4.3. Econometric Models

This section details the econometric models estimated with first-differenced generalized method of moments (GMM) that test the research hypotheses. The results concerning the evolution of the outcome variables regional gross domestic product (RGDP), regional gross value added (RGVAD) and gross fixed capital formation (GFCF) under the impact of five relevant determinants are presented in Table 3.

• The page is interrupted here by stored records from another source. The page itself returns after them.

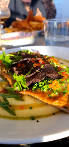 The menu is predominantly seafood, a natural choice given the proximity to the sea. From the sea menu, we tried the Balmain bug risotto, which was cooked just as risotto should be, and with the addition of nice small chunks of Balmain bug. Beautifully presented with edible flowers, Creme fraiche and edamame, this was a popular dish amongst our group.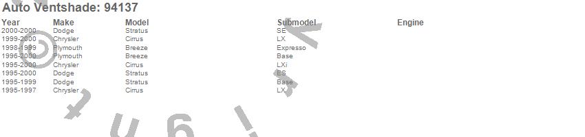 Below is an abbreviated list of applications for the Ventvisor Deflector 4 pc..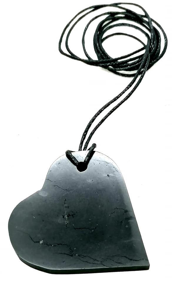 Šungitový přívěsek na krk, srdíčko malé. Všechny šperky ze šungitu mohou ještě nějakou dobu pouštět drobný černý prach, je vhodné je omýt v teplé vodě a důsledně promnout mezi prsty.

The first econometric model investigated the phenomenon of regional gross domestic product across countries in Central and Eastern Europe. Regional gross domestic product with a lag of one period also counted as independent variable. The set of instrumental variables included the following: regional gross domestic product with a lag of two periods; educational attainment level with a lag of one period; employment rates of young people with a lag of one period; internet broadband access with a lag of one period; income of private households with a lag of one period; and employment—thousand hours worked with a lag of one period. Multicollinearity problems were not identified since the values of all variance inflation factors did not exceed the threshold of 10.

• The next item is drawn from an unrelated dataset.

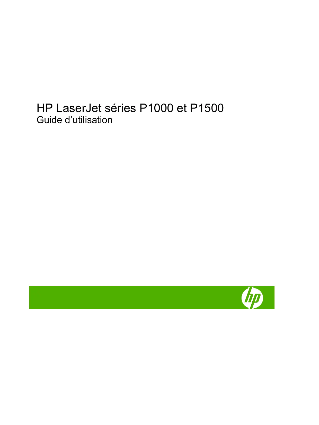 - HP LaserJet séries P1000 et P1500 Guide d’utilisation HP LaserJet séries P1000 et P1500 Guide d’utilisation Copyright et licence Marques © 2007 Copyright Hewlett-Packard Development Company, L.P. Microsoft®, Windows®et Windows NT® sont des marques déposées de Microsoft Corporation aux Etats-Unis. Il est interdit de reproduire, adapter ou traduire ce manuel sans autorisation expresse par écrit, sauf dans les cas permis par les lois régissant les droits d'auteur. Les informations contenues dans ce document sont susceptibles d'être modifiées sans préavis. Les seules garanties des produits et services HP sont exposées dans les clauses expresses de garantie fournies avec les produits ou services concernés. Le contenu de ce document ne constitue en aucun cas une garantie supplémentaire. HP ne peut être tenu responsable des éventuelles erreurs techniques ou éditoriales de ce document. Numéro de référence : CB410-90996 Edition 1, 12/2007 PostScript® est une marque déposée d’Adobe Systems Incorporated. Sommaire 1 Informations sur le produit Configurations du produit p. 2

Based on the Arellano–Bond AR(1) and AR(2) tests, the first-differenced generalized method of moments estimator revealed the lack of first-order autocorrelation and second-order autocorrelation. Since the AR(2) test was not significant, it indicated that the GMM estimator was valid, along with its instruments. Estimations showed that three independent variables elicited significant changes in regional gross domestic product. That is, when the employment rate of young people increased by a single unit, regional gross domestic product would increase by 0.001 units. Should income of private households improve by one unit, regional GDP would augment by 0.19 units. At the same time, in case employment—thousand hours worked increased by one unit only, regional GDP would considerably increase by 1.11 units. The lagged dependent variable also reached a significant level. The other predictors did not play a relevant role in the evolution of the phenomenon. Judging by the values of the J-statistic test ( J = 19.11 ,   p = 0.51 ) and the Arellano–Bond test for AR(2) ( p = 0.22 ) , it can be stated that changes in RGDP under the impact of the independent variables were significant. Therefore, the first research hypothesis was supported by the empirical data on Central and Eastern Europe regions.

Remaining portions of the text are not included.